Капитан происходил из рыбачьей деревушки на одном из Фризских островов, принадлежавших Дании. Большую часть года там идет дождь. Когда на небе появляется солнце, люди рыдают от счастья, напиваются в стельку, занимаются любовью с соседскими женами и голыми танцуют на улицах. Красота погожего дня — это для них чересчур, они сходят с ума и приходят в себя, только когда снова начинается дождь. Капитан служил на американских судах в течение тридцати лет, его английский язык был лишен акцента, характерного для обитателей серых скалистых берегов его юности.
— Амундсен, вы состоите в родстве с тем, кто обогнал Скотта в достижении полюса? — спросил Уилсон.
— Увы, — ответил Амундсен. — Несколько поколений одних бледнолицых служителей культа. Я первый за сто пятьдесят лет нарушил традицию.
Небо над парусами стало светлее. На горизонте разгоралась пурпурная заря, и ходовые огни поблекли. На штурманском пульте три раза вспыхнула и погасла кнопка. Капитан в отчаянии воздел руки:
— Проклятые компьютеры! Сообщают, что наступает рассвет. Будто я сам не вижу. — Он встал, произвел какие-то быстрые манипуляции и повернулся к Уилсону. — Вам лучше спуститься в кубрик. Поспите немного. Скоро начнется.
Уилсон едва успел дойти до люка, как ветер усилился, паруса напряглись подобно крыльям, и яхта устремилась навстречу утру.
«Компаунд интерест» оказалась временным пристанищем для четырех человек и одного предмета разговоров — Дуайта Акермана. Уилсон проводил по утрам многие часы под строгим руководством маленького вьетнамца-кока по имени Нгуен, но человек, для которого они готовили еду, казалось, вообще не существовал, если не считать его колоссального аппетита, чем и оправдывалось присутствие Уилсона на судне.

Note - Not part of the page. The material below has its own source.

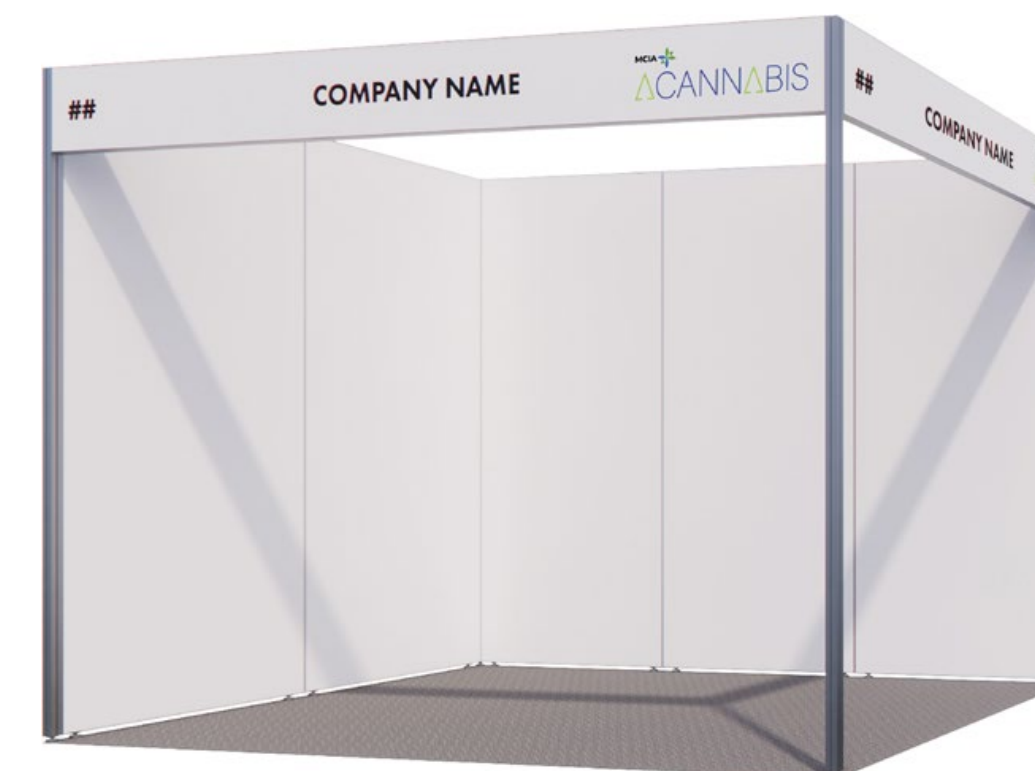
Note: Artist impression only

Они кормили невидимого хозяина, как дикого зверя в клетке. Один раз, вскоре после полудня, Нгуен доставлял большой поднос с пищей ко входу в пещеру Акермана, то есть в переднюю каюту люкс, из которой миллиардер никогда не выходил. Тарелки возвращались час спустя, вылизанные до блеска. Уилсону рисовалось в воображении чудище величиной с дом, с руками, похожими на окорока, облаченное в рубашку для игры в поло размером с добрую палатку. Или великое нечто — всепожирающая пустота.
Согласно заведенному порядку, Уилсон просыпался в пять часов утра и шел, спотыкаясь в темноте, на камбуз, где, включив свет, пытался расшифровать указания кока — желтые каракули на черной доске, прикрепленной к перегородке. Следующие два часа он посвящал решению целого ряда интеллектуальных задач, а именно: точил ножи, резал ломтиками лук и дюжину других овощей, взбивал яйца, потрошил рыбу, очищал от панцирей криль, удалял кости из цыплят, размягчал кожаным молотком куски свинины и телятины и выбрасывал отходы в море акулам, которые следовали в кильватере яхты.
Ровно в семь часов появлялся Нгуен в белоснежной двубортной поварской куртке и невероятно высоком поварском колпаке. И тут начиналась настоящая работа. Булочки с яйцами по-восточному, цыпленок с лимоном, криль под соусом карри, свиные ребрышки гриль, говядина под коричным соусом, рыбный суп по-сайгонски, блинчики с луком, клецки, дважды варенная свинина — вот лишь краткий перечень блюд, но и он вполне мог бы составить меню крупного вьетнамского ресторана. Акерман пристрастился к тонкой индокитайской кухне во время войны, когда служил квартирмейстером.
Приготовление пищи напоминало сражение. Низкорослый кок отдавал лающим голосом приказы, носясь по камбузу, словно спасаясь от артиллерийского обстрела где-нибудь под Касанью. Камбуз представлял собой тесный душный коридор, зажатый между каютой для несущих вахту членов экипажа и носовым трюмом. Половину площади занимали газовые горелки из нержавеющей стали, конвекционная печь и холодильник. Остальное пространство заполнял неутомимый Нгуен. На вид ему было лет тридцать восемь, но скорее всего он приближался к шестидесяти. Из-за долгого пребывания под открытым небом кожа у него стала смуглой и толстой, как у бегемота. Правую бровь пересекал длинный извилистый шрам. На правой руке синела старая татуировка — эмблема Иностранного легиона. Естественную сварливость кока Нгуен усугубил солдафонской привязанностью к дисциплине. Переняв ремесло от французов еще до Дьенбьенфу[14], он работал поваром в офицерской столовой Иностранного легиона, затем трудился для американской армии. Акерман отыскал его в каком-то сайгонском ресторане. На взгляд Уилсона, поварская униформа не шла Нгуену. Уилсону он представлялся продирающимся сквозь джунгли в камуфляже и хаки с автоматом «стен» за спиной.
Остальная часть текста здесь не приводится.